During the assessment, the service tested the MQ-8C’s endurance, reliability and performance, including its ability to survey maritime and land targets, Naval Air Systems Command (NAVAIR) stated in a news release on Nov. 30. Its sensors and systems were tested at different altitudes and ranges during day and nighttime conditions. The OA also evaluated the integration of an improved ice detector system that alerts the crew to icy conditions, allowing them to lower the aircraft so that it can continue its mission.

The three weeks of OA tests took place at Naval Base Ventura County in Point Mugu, Calif., and consisted of 11 land-based flights totaling 83.4 hours, NAVAIR said.

Capt. Jeff Dodge, the Navy’s Fire Scout program manager, said the service was happy with the performance of the MQ-8C, which met or exceeded its goals for endurance and range during the OA.

“We have some minor improvements to make before we get to Initial Operational Test and Evaluation (IOT&E), but we believe the system will meet the fleet’s requirements,” he told sister publication Defense Daily in a written statement. “In order to further increase performance, we are working to bring additional sensors and weapons on to the aircraft.”

The service in November closed out a request for proposals for one of those systems: a maritime search radar to boost the Fire Scout’s intelligence, surveillance and reconnaissance capability.

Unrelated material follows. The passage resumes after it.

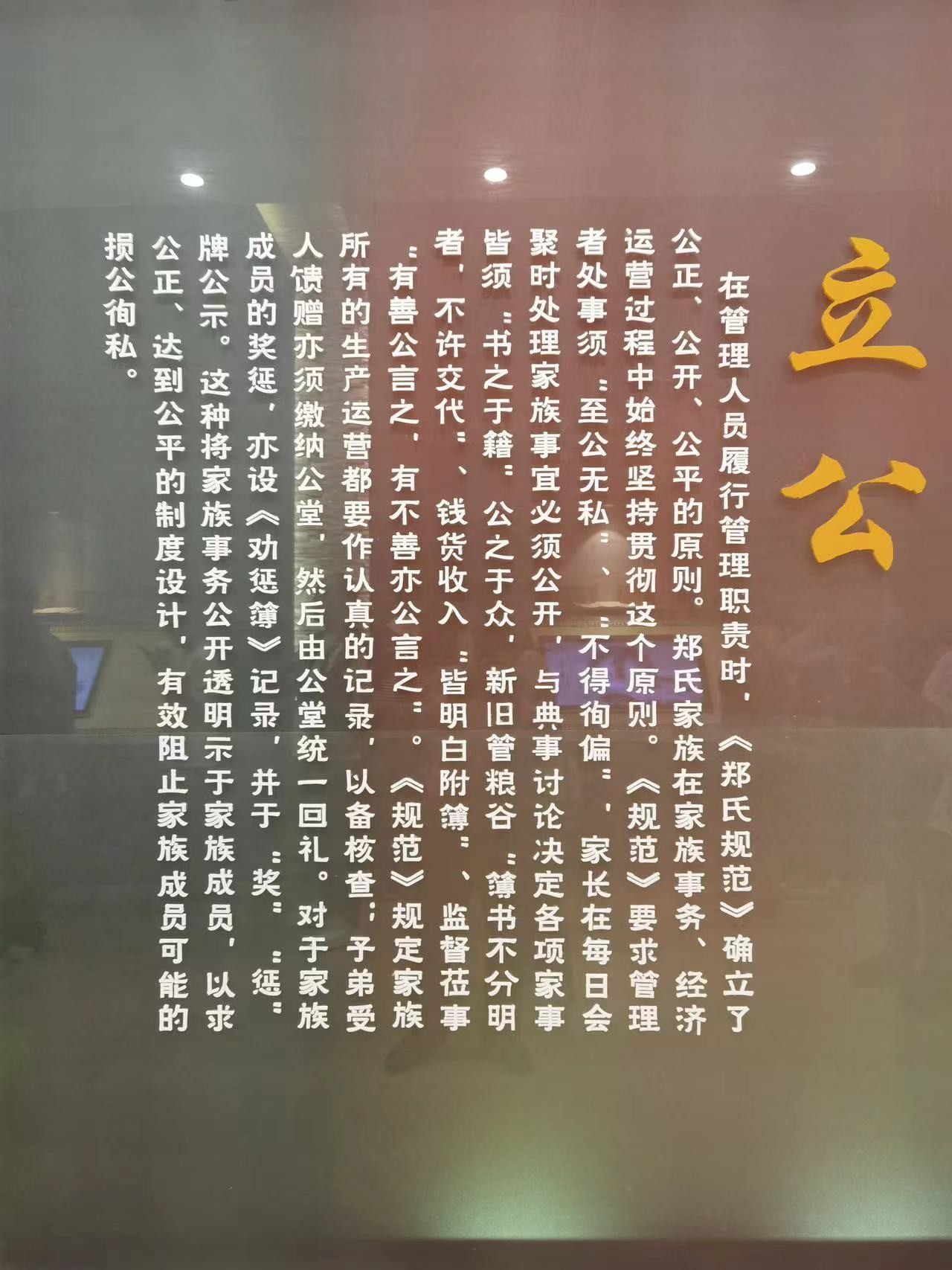 大家首先来到廉政展馆,工作人员结合展板、雕塑内容给全体党员详细介绍了郑氏家族几百年来孝义治家、以廉为士的故事、趣事。千百年来郑氏家族一直倡导廉洁为政、孝义持家和“以德正心、以礼修身、以法齐家、以义济世”的儒学伦理,是古代廉政文化家庭之典范。其中一块“立公”展板反映了郑氏家族在家族事务、经济运营过程中,《郑氏规范》确立了“公正、公开、公平”的管理原则,正与我们从事的招投标工作“三公”原则不谋而合。总之,参观了廉政展馆,给全体党员在廉洁从业、孝义持家等各方面以深刻的启迪。

Once fielded, the Northrop Grumman [NOC]-manufactured unmanned aerial vehicle (UAV) will fly off the decks of Littoral Combat Ships and other vessels to conduct reconnaissance and provide precision targeting support for manned assets on the ground, sea and air.

Initial ship-based testing is scheduled to begin in fiscal year 2017, although the Navy has not yet identified the ship that will host those tests, a NAVAIR spokeswoman said.

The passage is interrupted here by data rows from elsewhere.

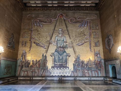 Probablement l’edifici més representatiu de la ciutat i un dels més bonics. Més enllà de l’estil venecià, la cúpula de les tres corones o el seu raconet davant del mar, destaca per les seves dues sales principals. A la Sala Blava s’hi troba l’orgue més gran d’Escandinàvia i és on es fa el sopar dels premis Nobel (i es diu sala blava perquè HAVIA de ser blava, però és de maó vermell) i la Sala Daurada és una de les coses més precioses que veureu a Estocolm. Feta amb 18 milions de peces d’or, narra la història de la ciutat i dóna per passar-hi hores admirant cada detall, des de la reina del llac fins als emisaris del món que la van a saludar o el rei Erik decapitat. Llàstima que només es pot veure amb visites guiades i tens escassos deu minuts per veure-la. És molt bonic fer la visita, però a part de fer el recorregut, el podeu fotografiar des d’altres illes i sempre és impressionant.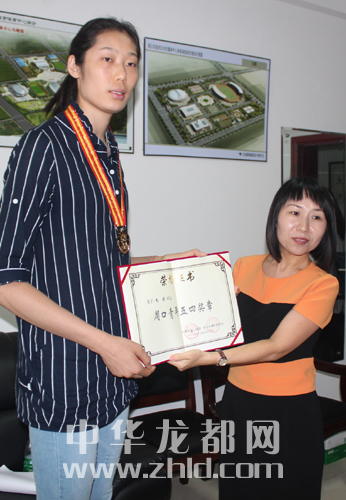 團(tuán)市委為朱婷頒發(fā)榮譽(yù)證書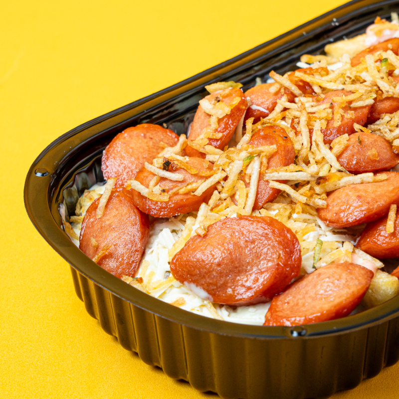 Papa francesa y salchicha americana picada. Acompañado de salsa tártara, piña y rosada, queso rayado y papa ripido.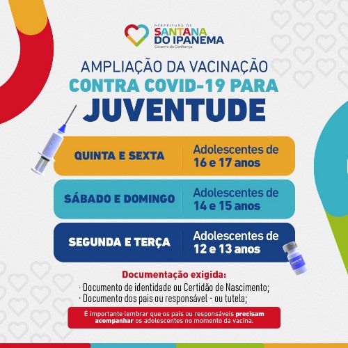 A prefeitura de Santana do Ipanema divulgou um cronograma de imunização contra Covid-19 dos adolescentes com idades entre 12 e 17 anos. A vacinação começa nesta quinta-feira (23). O imunizante aplicado neste público será exclusivamente o da Pfizer.

Leslie Smith, Northrop Grumman’s Fire Scout program director, said in a company statement that “the completion of land-based OA is once again validation of the incredible performance the Fire Scout system is capable of.”

A smaller version of the Fire Scout, the MQ-8B, is already operating in the fleet. The “Bravo” variant currently is deployed with the Freedom-class LCS USS Fort Worth (LCS-3) in Southeast Asia, where the drone partners with manned MH-60 Seahawk helicopters.

The MQ-8C, which is based on the manned Bell Helicopter Textron [TXT] 407 helicopter, will provide twice the endurance and  has a 700-pound payload capability that is three times the size of the MQ-8B.  The “Charlie” variant has a range of 150 nautical miles, and has logged 427 flights and more than 730 flight hours, NAVAIR said.